See Scan Policies for configuration details.
Data Models
Primary data structures in core/models.py:
| Model | Purpose |
|---|---|
Skill | Loaded skill package with files and metadata |
Finding | Individual security finding with severity, category, location, and remediation |
ScanResult | Single-skill scan output with findings, timing, and analyzability |
Report | Multi-skill scan output aggregating multiple ScanResult objects |
Severity | Enum: CRITICAL, HIGH, MEDIUM, LOW, INFO, SAFE |
ThreatCategory | Enum: prompt injection, data exfiltration, command injection, etc. |
Entry Points
| Entry Point | Source | Description |
|---|---|---|
| CLI | skill_scanner/cli/cli.py | Main command-line interface |
| API | skill_scanner/api/router.py | FastAPI REST server |
| Pre-commit | skill_scanner/hooks/pre_commit.py | Git hook integration |
| SDK | skill_scanner/__init__.py | Python library import |
All entry points use analyzer_factory.py for consistent analyzer construction.
Rule Packs
Built-in detection rules live in skill_scanner/data/packs/:
| Pack | Contents |
|---|---|
core | YAML signatures, YARA rules, Python checks — the main detection pack |
atr | Additional threat research signatures |
Each pack has a pack.yaml manifest that declares its rules and metadata.
Threat Taxonomy
Every finding is normalized to Cisco AI framework mappings (AITech/AISubtech) so findings from different analyzers use consistent category labels.
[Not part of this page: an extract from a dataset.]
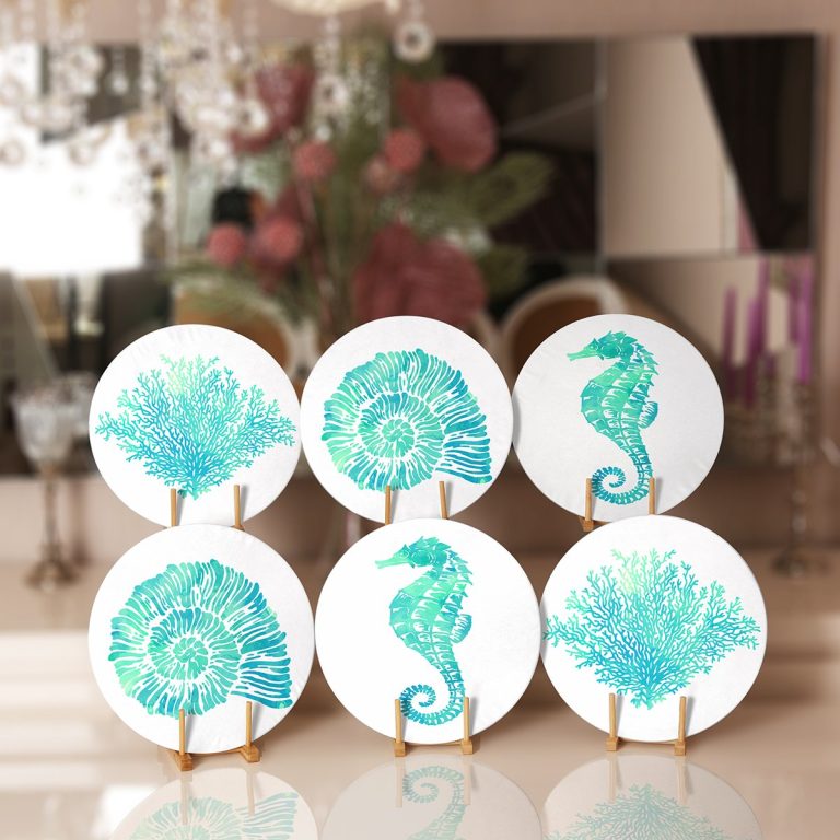 6’lı Turkuaz Deniz Canlıları Özel Tasarım Servis Altlığı & Supla

The taxonomy can be overridden at runtime for custom organizational classifications.
Extension Points
To add new detection capabilities:
- Add an analyzer class inheriting
BaseAnalyzer - Register the construction path in
analyzer_factory.py - Add policy knobs in
scan_policy.py(if needed) - Add tests under
tests/ - Document CLI/API toggles
For rule-based detection, prefer extending skill_scanner/data/packs/core/ (signatures, YARA, Python checks) before adding analyzer-level logic.
See Writing Custom Rules for the full guide.